Цена метафоры, или Преступление и наказание Синявского и Даниэля - Аржак Николай (читать книги бесплатно полные версии txt) 📗
– Вы уже насторожились?! Да бросьте, Андрей Донатович, все время думать, что вас обманывают… Мой дружеский совет очень прост: сбрейте бороду. До отправки в лагерь сбрейте бороду. Рекомендую…
– А когда этап?
– Право, не знаю. Это же, сами понимаете, вне моей компетенции. <…>
– Как вы думаете, Виктор Александрович, меня вместе с Даниэлем отправят? В одном вагоне, в один лагерь?
– Повторяю, я не в курсе. Но скорее всего – вместе. Надеюсь… И сбрейте бороду, мой совет. Сегодня же вечером. Попросите надзорсостав – они сделают. Будете как новенький…
– А куда?
– Тоже не знаю.
– На север? На восток?
– Скорее всего – не на север: по секрету, так уж и быть… Может, даже – на юг. Южнее – Москвы…
Он улыбнулся. И следователю кстати бывает сказать вам приятное.
– В Казахстан?
– Вот видите – вы какой! Все хотите допытаться… Нет-нет, больше я ничего не скажу! Но бороду – снимите. И вам не к лицу… И, потом, знаете, привяжутся… Воры, уголовники. Могут и поджечь. Поднесут, знаете, спичку – и вспыхнет. Как стог сена. <…>
Внешности своей, портрету, я значения не придавал. Плевать мне на какую-то бороду! Но уж очень они что-то старались, настаивали… Раскаяние? Измена себе? Потеря лица? Чего этот Пахомов, по важным делам, крутится вокруг бороды?… Нет, сволочи! Не дамся. Короче, мало-помалу я становился уголовником, как сами они называли, злым и недоверчивым зэком, высчитывающим каждый шаг от обратного. Только от обратного!…

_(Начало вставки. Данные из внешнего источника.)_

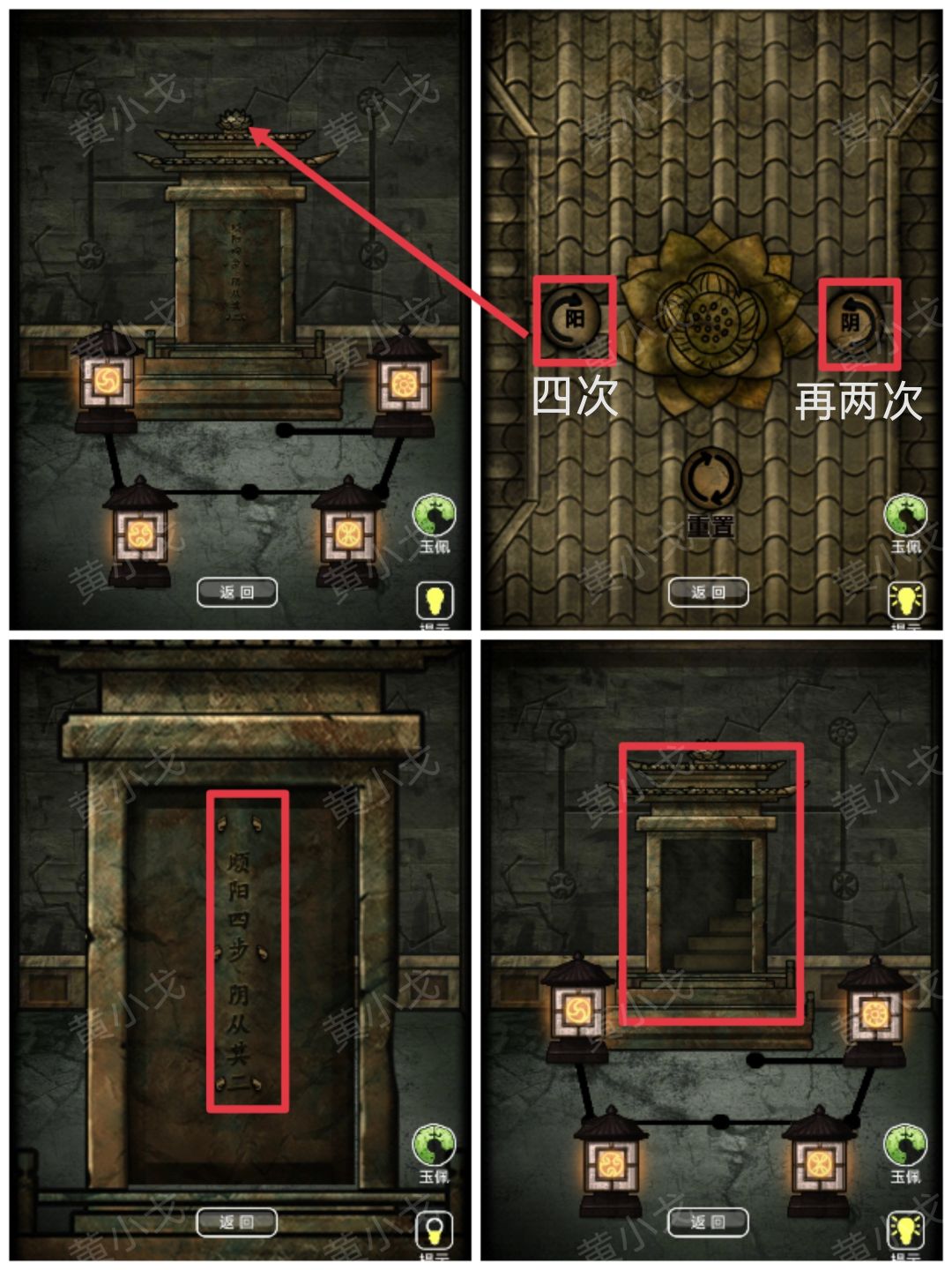 24.点击墓碑上的莲台机关,根据墓碑里的口诀,按顺序及正确的次数点击两个按钮,打开暗道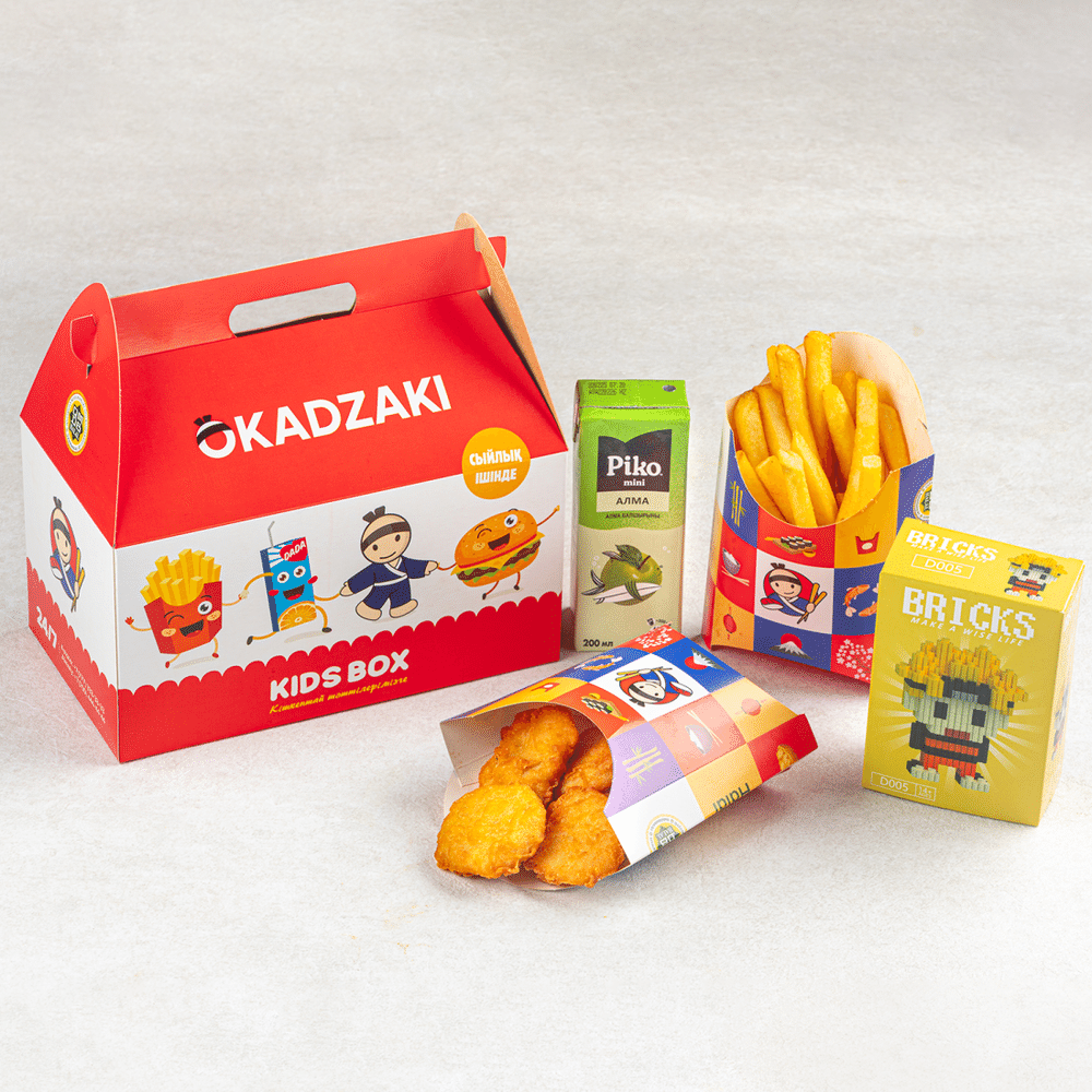 Наггетсы, фри, детский сок, игрушка

Да и то, пораскинуть мозгами, пройдет год, большой лагерный год, и к Даниэлю, на 11-м, подвалится заезжий чекист, к станку, в производственной зоне.
– Привет вам от Синявского! – скажет, внимательно поглядев, как Даниэль вытачивает какое-то, по норме, дерьмо. – Я только что из Сосновки, с первого лагпункта. Синявский просил кланяться…
– Спасибо, – ответит, не поворачивая головы, Даниэль. – Что Синявский?
– Нормально. Ничего. Здоров. Недавно побрился…
– Как – побрился?! – не поворачивая головы, Даниэль.
– Да вот так. Он теперь без бороды. Я сам его видел. Разговаривал. Вот привет вам привез…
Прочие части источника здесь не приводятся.